There lies a dead man in our house. Unfortunately it is not my father.
No, It is Burke Haymoor, whom I had treated for three days before I got the ’joy’ of declaring him dead. During those three days most of his relatives visited him. All of them were equally annoying. They were not less annoying when I delivered the news of his passing.
I watched them cry and shout. The daughter, Polly, kept shaking her father, hoping he’d come back to life through such a silly act. I’ve always pondered why people shake the dead. While I observed the young woman’s hopeless attempts, I wondered what it would feel like to love your father like that. If it’d be my father dead on that bed, I would smile in relief.
Eventually The Haymoors left. Aside for Burke. I wrapped him in linens and collected the empty bottles of potions from the table next to him. I noticed one of them was wrongly shaped. After sniffing it, I came into a conclusion my father had in his drunken state again mixed potions and had given the patient hemlock extract. That certainly explains the lack of reaction in Burke, as hemlock causes paralysis before killing the person.
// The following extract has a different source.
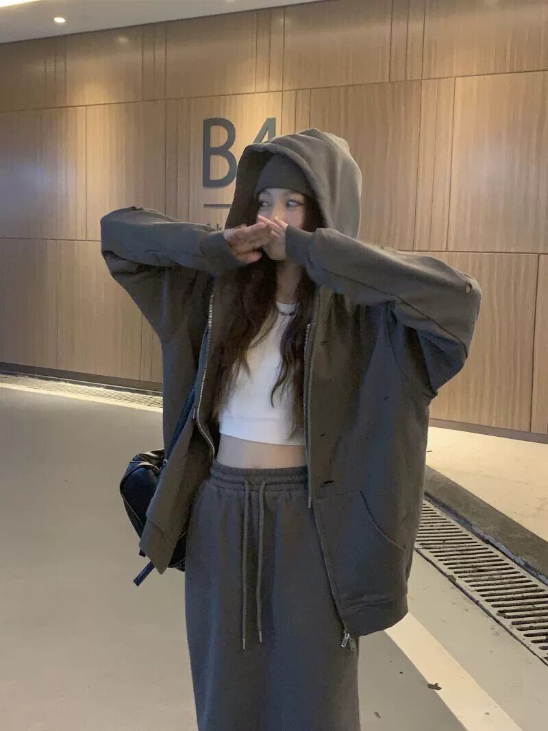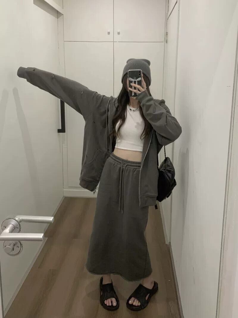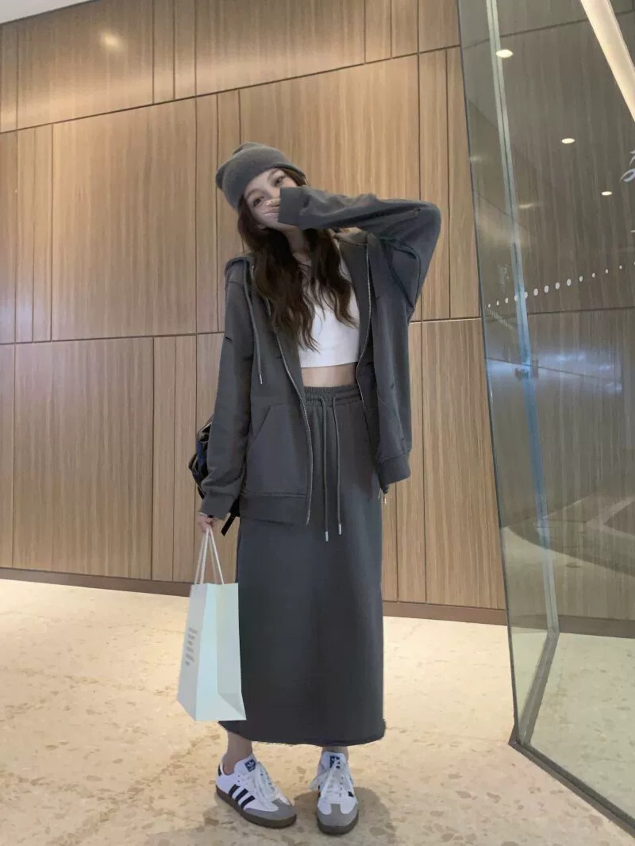 グレーカジュアルスポーツウィンドスーツスカート女性の春 2023 新しい穴フード付きセーター巾着スカート 2 点セット スプリング 春物 092199907767261

Now, I could go to the Watch and tell that my father has in fact managed to murder someone. Not knowingly. But I still think it counts as a murder in the eyes of law. I could watch my father being hung and what a jolly day that would be. However by turning my father in, I would also condemn our practice. Who would seek a house of healing that is known to kill it's patients?
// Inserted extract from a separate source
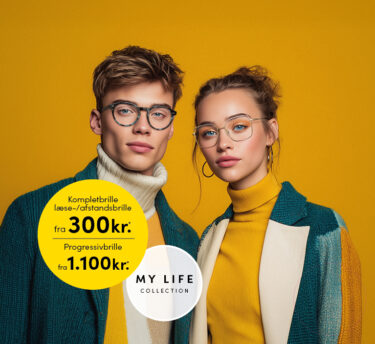 Med vores MY LIFE Collection kan du få dine nye briller inklusiv glas fra kun 300 kr* og progressive briller fra kun 1.100 kr.* Vælg mellem over 100 mærkestel for at finde et par, der fremhæver din personlighed.

It comes to the question. Do I hate my father more than I care for my profession? Somehow the thought of him stealing my life in his death does not appeal to me.
I never quite knew you Burke Haymoor and I most certainly did not enjoy the company of your rowdy relatives. However, I am deeply ashamed that I allowed your death under my eyes. I can only hope you did not suffer in your paralysed state. I know, I do you wrong by not turning your killer in. But had you lived my life, I trust you'd understand.